The episodes of the Tokyo Mew Mew anime series are based on the manga series of the same name written by Reiko Yoshida and illustrated by Mia Ikumi. Directed by Noriyuki Abe and produced by Studio Pierrot, the episodes focus on five girls infused with the DNA of rare animals that gives them special powers and allows them to transform into "Mew Mews". Led by Ichigo Momomiya, the girls protect the earth from aliens who wish to "reclaim" it.

Broadcast on both TV Aichi and TV Tokyo, the series premiered on April 6, 2002 and aired weekly until its conclusion on March 29, 2003. 4Kids Entertainment licensed the first 26 episodes of the series for the English-dubbed release in North America in 2004. Their release, initially titled Hollywood Mew Mew, would be heavily edited and localized to the point that viewers would not recognize its Japanese origins. The series was later referred to as The Mew Mews and Tokyo Mew Mew in subsequent 4Kids press releases. 

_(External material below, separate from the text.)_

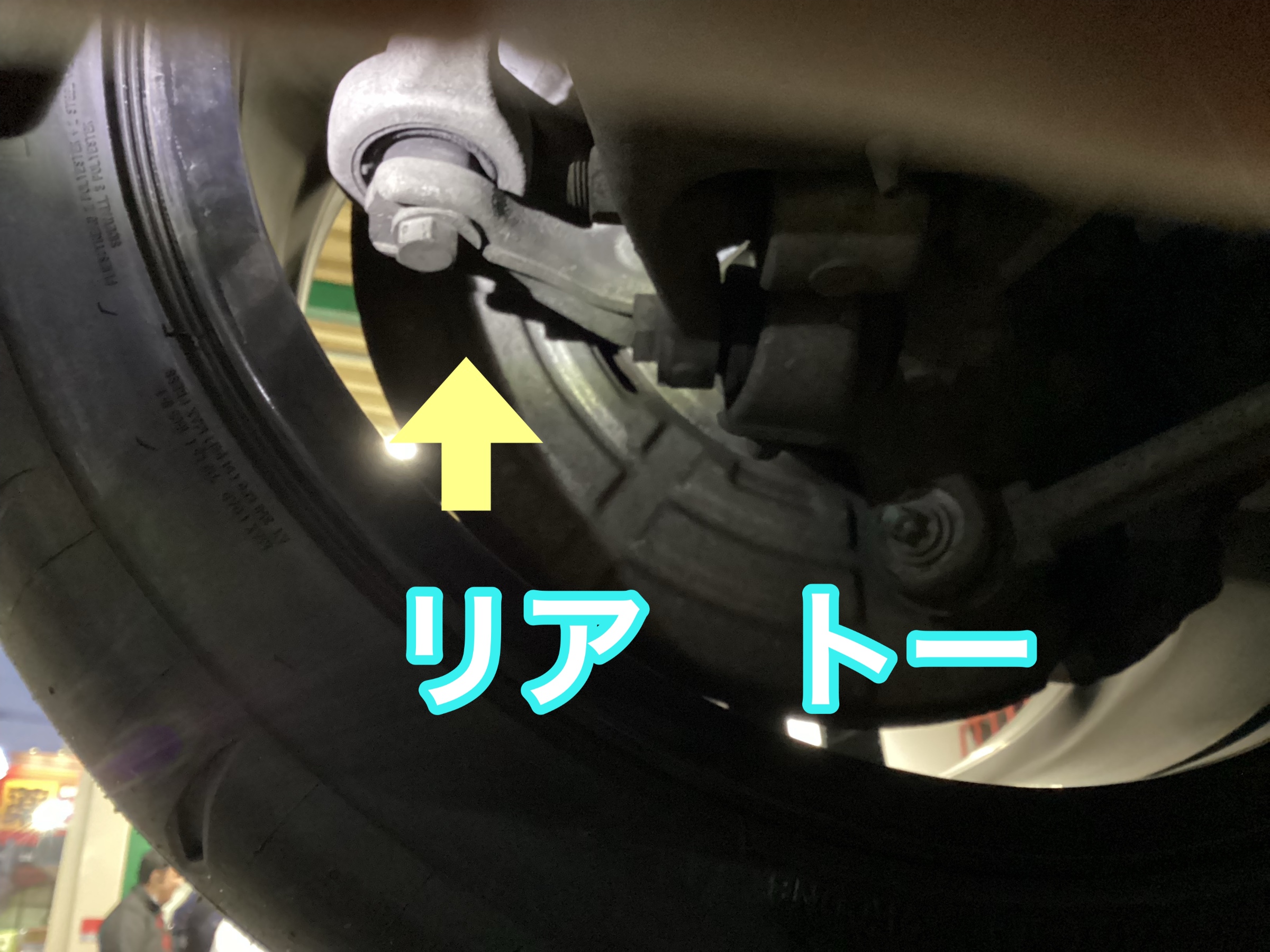 BMWアライメント調整 調整ヶ所はフロントトー調整 リアトー リアキャンバーの

The English dub premiered on 4Kids TV on February 19, 2005, under the name Mew Mew Power. As 4Kids had announced, the characters and episodes were renamed, scenes were cut, the original episode story lines were modified, and the music was replaced with a new score.  Twenty-three episodes of Mew Mew Power aired before the series was canceled after 4Kids was unable to acquire the license for the remaining twenty-six episodes of the series. All 26 episodes of Mew Mew Power aired in Canada on YTV in 2005, and in the United Kingdom on Pop Girl in 2008. Mew Mew Power was licensed for regional-language broadcast in France by Arès Films.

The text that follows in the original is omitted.